• **GIVEN INFORMATION**
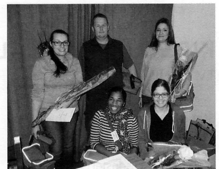
Der SV Inwil freut sich über fünf Neumitglieder.
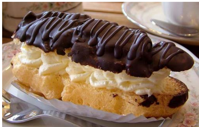
15. ábra Ekler fánk
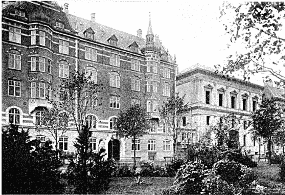
Den danske musiks „dobbelrepræsentation“: Til venstre Dansk Tonekunstnerforenings sekretariat og bibliotek, Vestre Boulevard 38 (nu H. C. Andersens Boulevard), til højre det ny Kgl. Danske Musikkonservatorium.
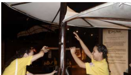
Alunos interagindo com peças da exposição "Da Vinci a exibição".
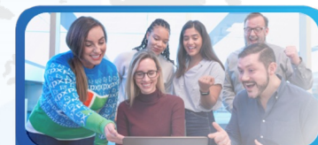
Magang & Studi Independen Bersertifikat
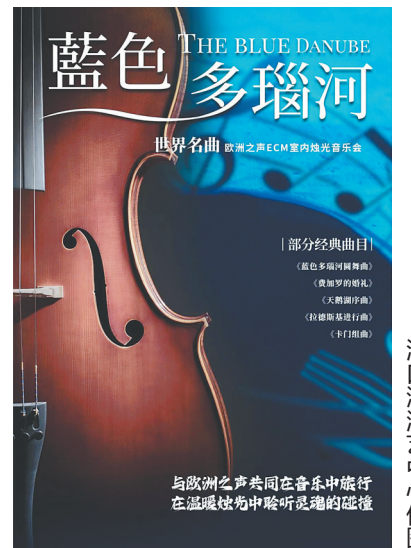
「蓝色多瑙河世界名曲欧洲之声ECM室内烛光音乐会」海报。

“暮光之城电影金曲欧洲之声ECM室内烛光音乐会”将带领观众重温《加勒比海盗》《海上钢琴师》《马戏之王》《爱乐之城》《泰坦尼克号》《请以你的名字呼唤我》等多部经典电影的主题曲和配乐。
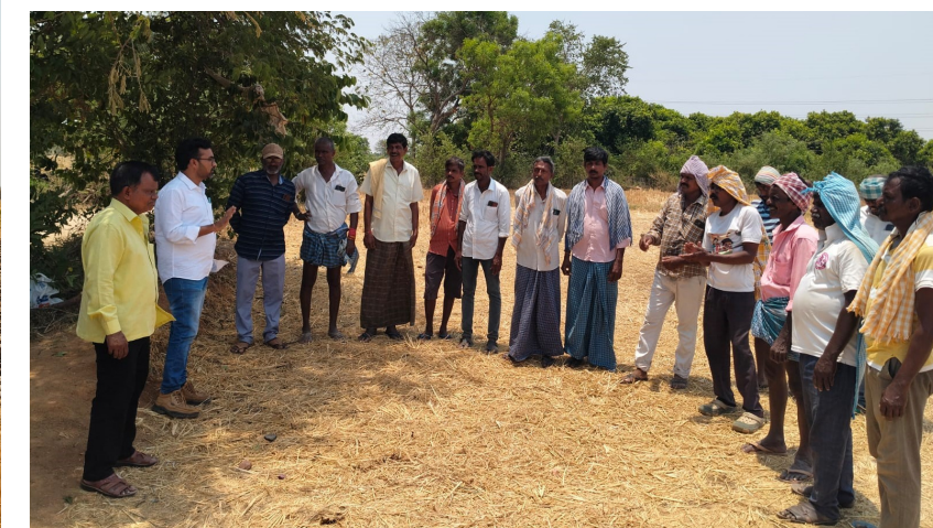
నాశనమై భూమి ఉత్పాదకత క్రమంగా తగ్గిపోతుందని చెప్పారు. దీని ప్రభావం భవిష్యత్తు వంటల దిగుబడులపై కూడా పడుతుందని హెచ్చరించారు. రసాయన ఎరువుల వినియోగాన్ని పెంచినా, నేల సహజ సారం కోల్పోతే ఆశించిన ఫలితాలు రావని వెల్లడించారు. ఇదిలా ఉండగా, పరికొయ్యకాళ్ల దహనం కారణంగా గాలిలో పొగ, కాలుష్యకారక వాయువులు విడుదలై పర్యావరణానికి హాని కలుగుతోందన్నారు. ప్రజల ఆరోగ్యంపై ప్రతికూల ప్రభావం పడే అవకాశం ఉందని చెప్పారు. ఈ నేపథ్యంలో రైతులకు గ్రామస్థాయిలో అవగాహన కార్యక్రమాలు నిర్వహిస్తూ, పంట వ్యర్థాల నిర్వహణపై సూచనలు అందిస్తున్నట్లు తెలిపారు. పంట అవశేషాలను రోటవేటర్లు, షేల్లు

వరి కోత పూర్తయిన తర్వాత పొలాల్లో మిగిలిపోయే కొయ్యకాళ్లను కాల్చివేయడం రైతులకు సులభమైన మార్గంగా కనిపించినప్పటికీ, దీని వల్ల భూమి సారవంతతకు తీవ్ర నష్టం వాటిల్లుతుందని వ్యవసాయ శాఖ హెచ్చరిస్తోంది. పంట అవశేషాలను నేలలో కలపాల్సిందేమీ అగ్నికే అపూరితం చేయడం వల్ల నేలలోని విలువైన సూక్ష్మజీవ సంపద నశించడంతో పాటు పర్యావరణ కాలుష్యం కూడా పెరుగుతోందని వ్యవసాయ అధికారి రాజేష్ తెలిపారు. పంట అవశేషాలు సహజ ఎరువులుగా మారి భూసారాన్ని పెంచడంలో కీలక పాత్ర పోషిస్తాయని ఆయన వివరించారు. అయితే వాటిని కాల్చడం వల్ల నేలలోని పోషకాలు, సూక్ష్మజీవులు
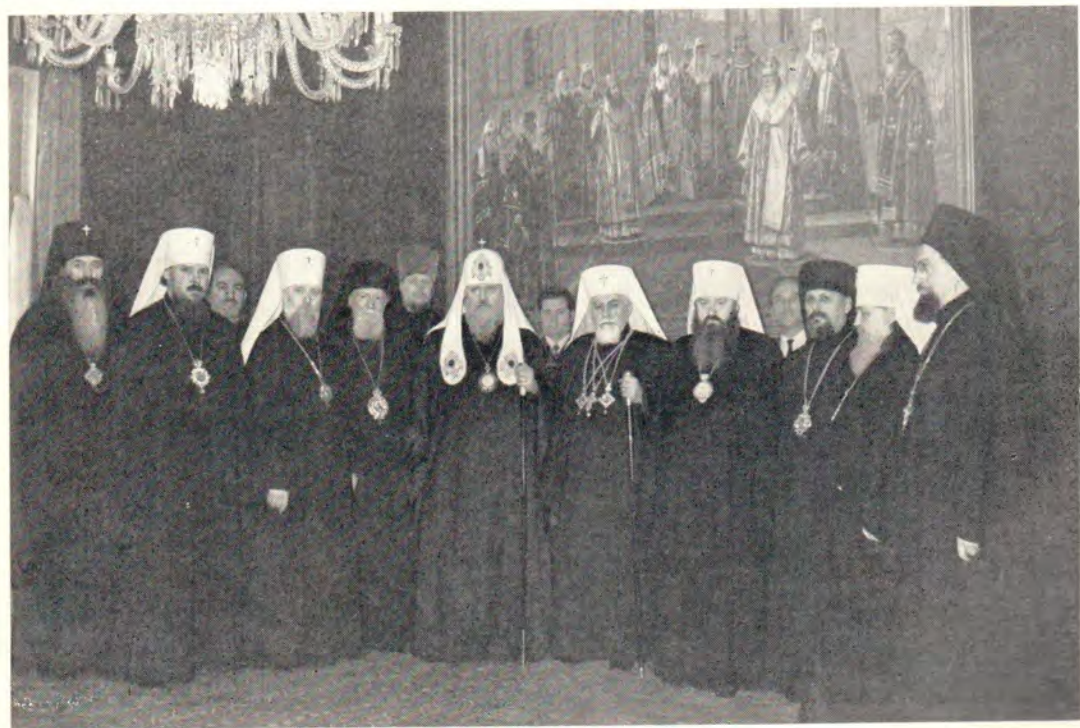
Святейший Патриарх Болгарский Максим и сопровождающие его лица на приеме у Святейшего Патриарха Московского и всея Руси Пимена 15 марта 1972 года
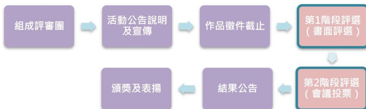
圖 防災士 LOGO 設計徵選活動流程

(2) 第1階段將請委員簽署評選委員確認單(如附件8)，以確認參與本次評選(如圖)。
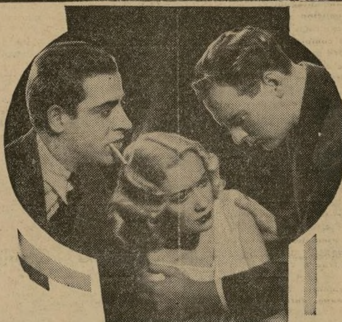
Jack La Rue, Miriam Hopkins y William Gargan en una escena de la cinta "The Story of Temple Drake", que los teatros "Hamilton" y "Regent" empiezan a exhibir el sábado próximo.

• **AIM OF THE EXERCISE**
In the listing above, find the line with "Magang & Studi Independen Bersertifikat" and output it and every line after it up to and including the line with "వరి కోత పూర్తయిన", exactly, minus the pictures.

• **TASK ANSWER**
Magang & Studi Independen Bersertifikat
「蓝色多瑙河世界名曲欧洲之声ECM室内烛光音乐会」海报。

“暮光之城电影金曲欧洲之声ECM室内烛光音乐会”将带领观众重温《加勒比海盗》《海上钢琴师》《马戏之王》《爱乐之城》《泰坦尼克号》《请以你的名字呼唤我》等多部经典电影的主题曲和配乐。
నాశనమై భూమి ఉత్పాదకత క్రమంగా తగ్గిపోతుందని చెప్పారు. దీని ప్రభావం భవిష్యత్తు వంటల దిగుబడులపై కూడా పడుతుందని హెచ్చరించారు. రసాయన ఎరువుల వినియోగాన్ని పెంచినా, నేల సహజ సారం కోల్పోతే ఆశించిన ఫలితాలు రావని వెల్లడించారు. ఇదిలా ఉండగా, పరికొయ్యకాళ్ల దహనం కారణంగా గాలిలో పొగ, కాలుష్యకారక వాయువులు విడుదలై పర్యావరణానికి హాని కలుగుతోందన్నారు. ప్రజల ఆరోగ్యంపై ప్రతికూల ప్రభావం పడే అవకాశం ఉందని చెప్పారు. ఈ నేపథ్యంలో రైతులకు గ్రామస్థాయిలో అవగాహన కార్యక్రమాలు నిర్వహిస్తూ, పంట వ్యర్థాల నిర్వహణపై సూచనలు అందిస్తున్నట్లు తెలిపారు. పంట అవశేషాలను రోటవేటర్లు, షేల్లు

వరి కోత పూర్తయిన తర్వాత పొలాల్లో మిగిలిపోయే కొయ్యకాళ్లను కాల్చివేయడం రైతులకు సులభమైన మార్గంగా కనిపించినప్పటికీ, దీని వల్ల భూమి సారవంతతకు తీవ్ర నష్టం వాటిల్లుతుందని వ్యవసాయ శాఖ హెచ్చరిస్తోంది. పంట అవశేషాలను నేలలో కలపాల్సిందేమీ అగ్నికే అపూరితం చేయడం వల్ల నేలలోని విలువైన సూక్ష్మజీవ సంపద నశించడంతో పాటు పర్యావరణ కాలుష్యం కూడా పెరుగుతోందని వ్యవసాయ అధికారి రాజేష్ తెలిపారు. పంట అవశేషాలు సహజ ఎరువులుగా మారి భూసారాన్ని పెంచడంలో కీలక పాత్ర పోషిస్తాయని ఆయన వివరించారు. అయితే వాటిని కాల్చడం వల్ల నేలలోని పోషకాలు, సూక్ష్మజీవులు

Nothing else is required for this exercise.